DATASET ENTRIES
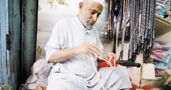 أربعون عاما والعم محمد الشافعي يحث خطاه يوميا بين أزقة وحارات البلد، ليأخذ مكانه في محله العتيق. ومنذ الصباح الباكر وحتى غروب الشمس تعيث يداه في الأقمشة الملونة ذات النقوش الغريبة، وتلف أصابعه الخيوط ليصنع تحفة فنية لا تتجاوز «لي» شيشة.
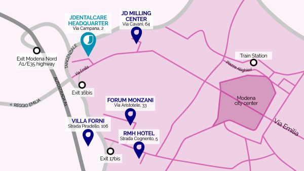 Il Forum Monzani, la sede JDentalCare, il JD Milling Center e il RMH Modena Raffaello Hotel si trovano vicino all’uscita di Modena Nord. Percorrere la tangenziale fino all'uscita 16bis per raggiungere la sede JDentalCare o l'uscita 17bis per il Forum Monzani e l'RMH Modena Raffaello Hotel.
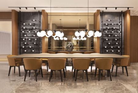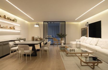 “Projetamos um ambiente amplo, integrado, com linhas retas e simétricas, além das bases marcantes. Fiz isso pensando em uma rotina familiar mais orgânica, de pessoas que adoram se reunir com parentes e amigos. A essência, o ponto inicial do projeto, foi a grande sala de jantar.”
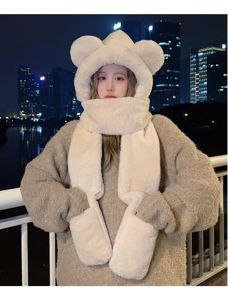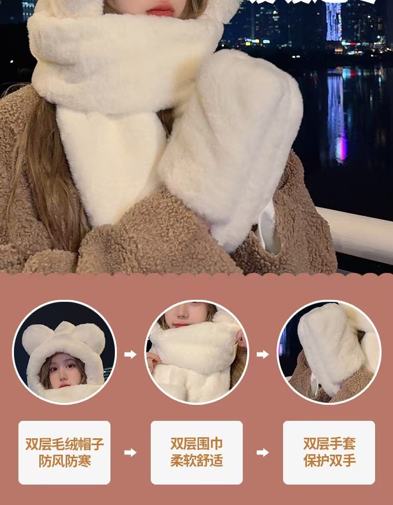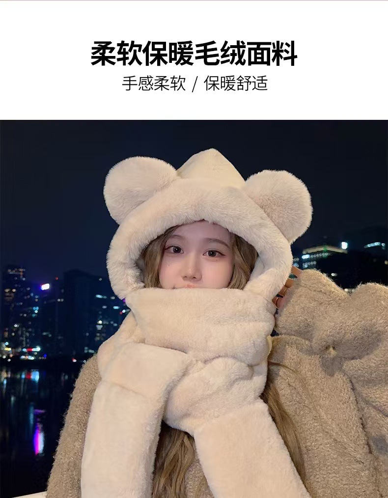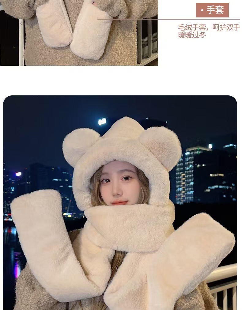 小熊围巾女冬季韩版百搭帽子围脖一体可爱护耳保暖连帽手套三件套
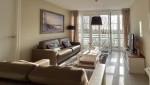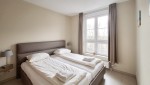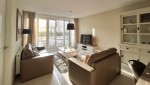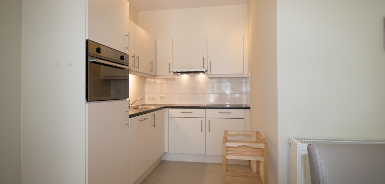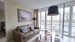 De woonkamer is ruim opgezet met 2 tweezits zitbanken met TV (Basis pakket inbegrepen). Vanuit het zitgedeelte openen de terrasdeuren naar het zuidelijk georienteerde en heerlijk zonnige balkon. Er is een eettafel met 4 stoelen die het woongedeelte met de keuken verbindt. De keuken is onder andere voorzien van een handige combimagnetron, koel-vriescombinatie, Nespresso-apparaat en een afwasmachine.

WORK REQUEST
With pictures left out, extract the lines from the one containing "小熊围巾女冬季韩版百搭帽子围脖一体可爱护耳保暖连帽手套三件套" to the end of the material above, both included, exactly as written.

RESULT OF THE TASK
 小熊围巾女冬季韩版百搭帽子围脖一体可爱护耳保暖连帽手套三件套
 De woonkamer is ruim opgezet met 2 tweezits zitbanken met TV (Basis pakket inbegrepen). Vanuit het zitgedeelte openen de terrasdeuren naar het zuidelijk georienteerde en heerlijk zonnige balkon. Er is een eettafel met 4 stoelen die het woongedeelte met de keuken verbindt. De keuken is onder andere voorzien van een handige combimagnetron, koel-vriescombinatie, Nespresso-apparaat en een afwasmachine.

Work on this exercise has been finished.